▶ **INFORMATION**:
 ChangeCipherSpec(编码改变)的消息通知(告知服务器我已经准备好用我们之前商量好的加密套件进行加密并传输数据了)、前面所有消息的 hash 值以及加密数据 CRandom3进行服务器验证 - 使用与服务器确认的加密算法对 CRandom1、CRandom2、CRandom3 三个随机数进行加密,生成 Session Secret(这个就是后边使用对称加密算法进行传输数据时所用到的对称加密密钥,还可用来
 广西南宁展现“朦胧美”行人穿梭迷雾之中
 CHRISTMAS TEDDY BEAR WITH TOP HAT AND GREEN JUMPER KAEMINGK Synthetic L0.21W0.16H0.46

...

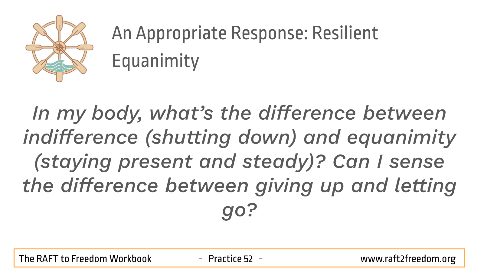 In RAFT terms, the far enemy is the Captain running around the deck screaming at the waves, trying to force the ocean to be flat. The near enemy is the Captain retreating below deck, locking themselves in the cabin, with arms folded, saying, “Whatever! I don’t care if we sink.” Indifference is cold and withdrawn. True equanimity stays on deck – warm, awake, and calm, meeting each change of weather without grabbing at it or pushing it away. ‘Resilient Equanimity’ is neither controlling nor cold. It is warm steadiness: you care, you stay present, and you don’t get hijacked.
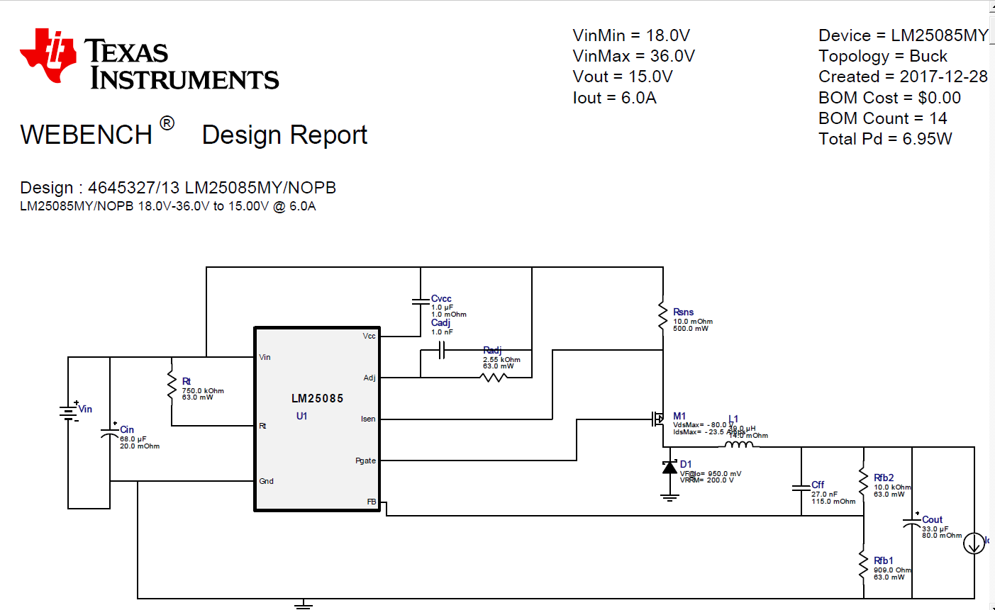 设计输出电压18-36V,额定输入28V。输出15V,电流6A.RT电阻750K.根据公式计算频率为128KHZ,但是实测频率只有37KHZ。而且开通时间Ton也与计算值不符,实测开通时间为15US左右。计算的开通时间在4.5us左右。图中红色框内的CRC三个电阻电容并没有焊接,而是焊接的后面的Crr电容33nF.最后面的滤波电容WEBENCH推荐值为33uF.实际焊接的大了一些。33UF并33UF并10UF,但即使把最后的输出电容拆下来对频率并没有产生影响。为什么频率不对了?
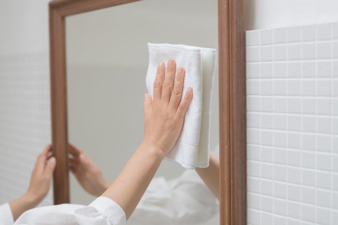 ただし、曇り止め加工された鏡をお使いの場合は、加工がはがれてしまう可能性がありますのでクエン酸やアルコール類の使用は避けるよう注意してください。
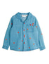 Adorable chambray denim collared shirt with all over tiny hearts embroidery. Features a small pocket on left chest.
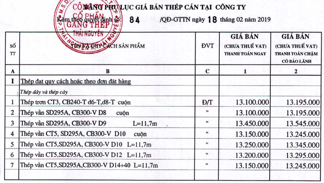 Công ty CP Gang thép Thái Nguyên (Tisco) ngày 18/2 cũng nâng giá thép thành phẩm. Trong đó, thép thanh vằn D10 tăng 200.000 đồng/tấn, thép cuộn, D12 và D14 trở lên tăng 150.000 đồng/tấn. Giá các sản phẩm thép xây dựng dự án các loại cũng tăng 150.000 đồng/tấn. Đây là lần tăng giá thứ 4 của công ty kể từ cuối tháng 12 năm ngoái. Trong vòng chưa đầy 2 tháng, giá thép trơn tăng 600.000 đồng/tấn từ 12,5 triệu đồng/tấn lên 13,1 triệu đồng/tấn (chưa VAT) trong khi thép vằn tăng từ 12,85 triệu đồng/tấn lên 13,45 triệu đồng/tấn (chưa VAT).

--

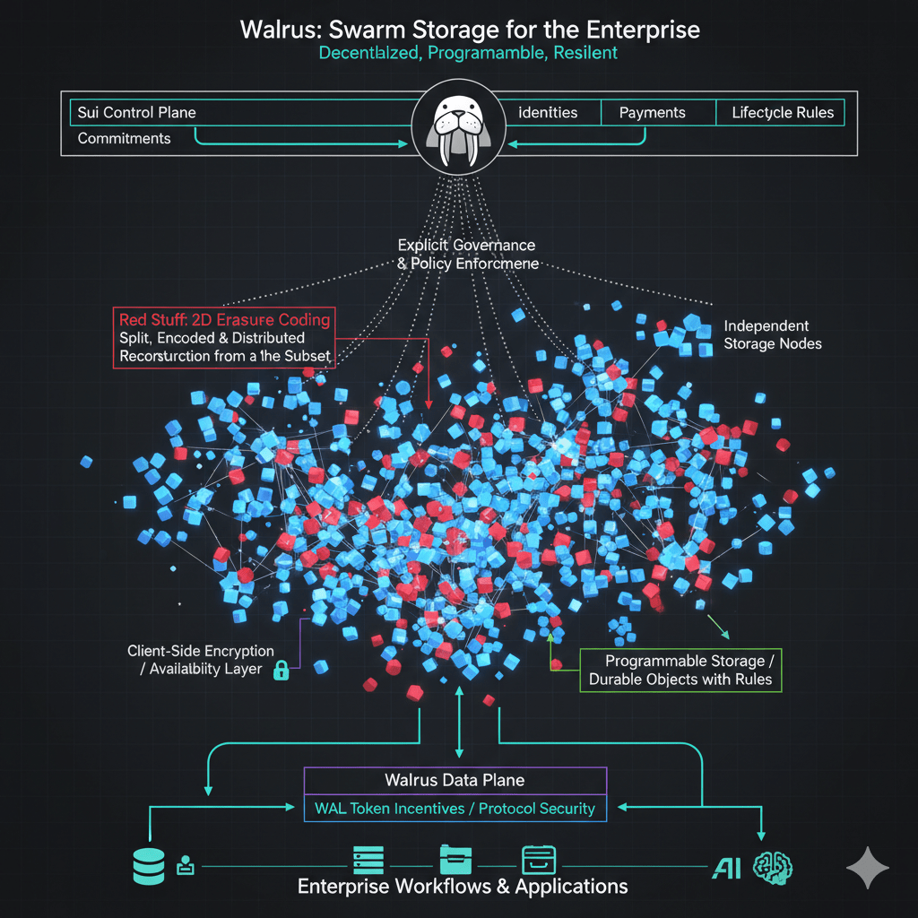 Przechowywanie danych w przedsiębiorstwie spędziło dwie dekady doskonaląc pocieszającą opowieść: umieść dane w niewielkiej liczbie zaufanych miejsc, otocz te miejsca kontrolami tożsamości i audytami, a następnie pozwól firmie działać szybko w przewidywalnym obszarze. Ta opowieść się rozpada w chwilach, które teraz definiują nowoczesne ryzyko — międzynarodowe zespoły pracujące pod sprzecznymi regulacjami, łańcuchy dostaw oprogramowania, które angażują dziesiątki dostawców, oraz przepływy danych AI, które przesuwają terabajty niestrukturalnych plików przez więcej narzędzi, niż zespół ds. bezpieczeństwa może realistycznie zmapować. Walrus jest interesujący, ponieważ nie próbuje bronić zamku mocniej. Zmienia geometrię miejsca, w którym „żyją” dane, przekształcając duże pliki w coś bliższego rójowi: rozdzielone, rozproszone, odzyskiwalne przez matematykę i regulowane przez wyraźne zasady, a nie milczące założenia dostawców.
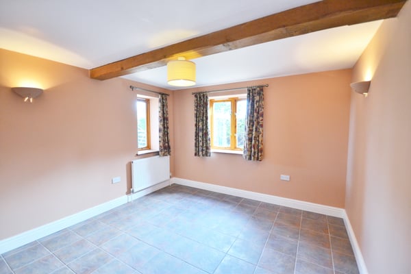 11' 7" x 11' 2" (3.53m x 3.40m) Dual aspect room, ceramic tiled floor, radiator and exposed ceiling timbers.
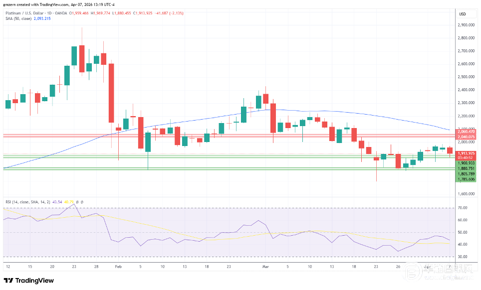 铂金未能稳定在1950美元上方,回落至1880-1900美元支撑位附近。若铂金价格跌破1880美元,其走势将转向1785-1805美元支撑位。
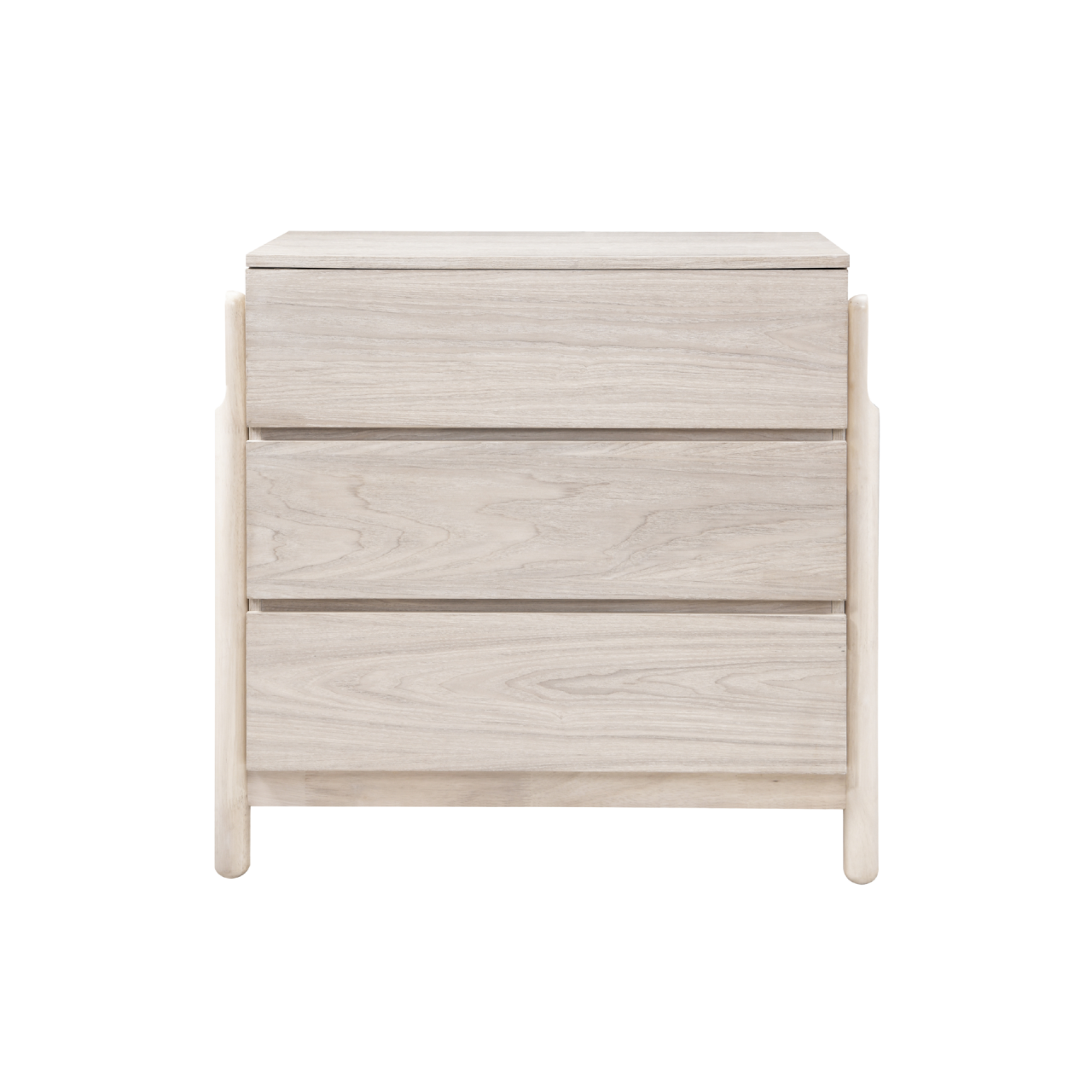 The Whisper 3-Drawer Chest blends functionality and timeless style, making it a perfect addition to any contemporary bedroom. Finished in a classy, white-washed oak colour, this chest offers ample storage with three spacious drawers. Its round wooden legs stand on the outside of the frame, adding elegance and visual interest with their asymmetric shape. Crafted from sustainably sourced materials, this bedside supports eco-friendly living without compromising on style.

▶ **TASK TO COMPLETE**:
From the line containing "ただし、曇り止め加工された鏡" through the line containing "Công ty CP Gang", copy every line above exactly, without pictures.

▶ **SOLUTION FOR THIS TASK**:
 ただし、曇り止め加工された鏡をお使いの場合は、加工がはがれてしまう可能性がありますのでクエン酸やアルコール類の使用は避けるよう注意してください。
 Adorable chambray denim collared shirt with all over tiny hearts embroidery. Features a small pocket on left chest.
 Công ty CP Gang thép Thái Nguyên (Tisco) ngày 18/2 cũng nâng giá thép thành phẩm. Trong đó, thép thanh vằn D10 tăng 200.000 đồng/tấn, thép cuộn, D12 và D14 trở lên tăng 150.000 đồng/tấn. Giá các sản phẩm thép xây dựng dự án các loại cũng tăng 150.000 đồng/tấn. Đây là lần tăng giá thứ 4 của công ty kể từ cuối tháng 12 năm ngoái. Trong vòng chưa đầy 2 tháng, giá thép trơn tăng 600.000 đồng/tấn từ 12,5 triệu đồng/tấn lên 13,1 triệu đồng/tấn (chưa VAT) trong khi thép vằn tăng từ 12,85 triệu đồng/tấn lên 13,45 triệu đồng/tấn (chưa VAT).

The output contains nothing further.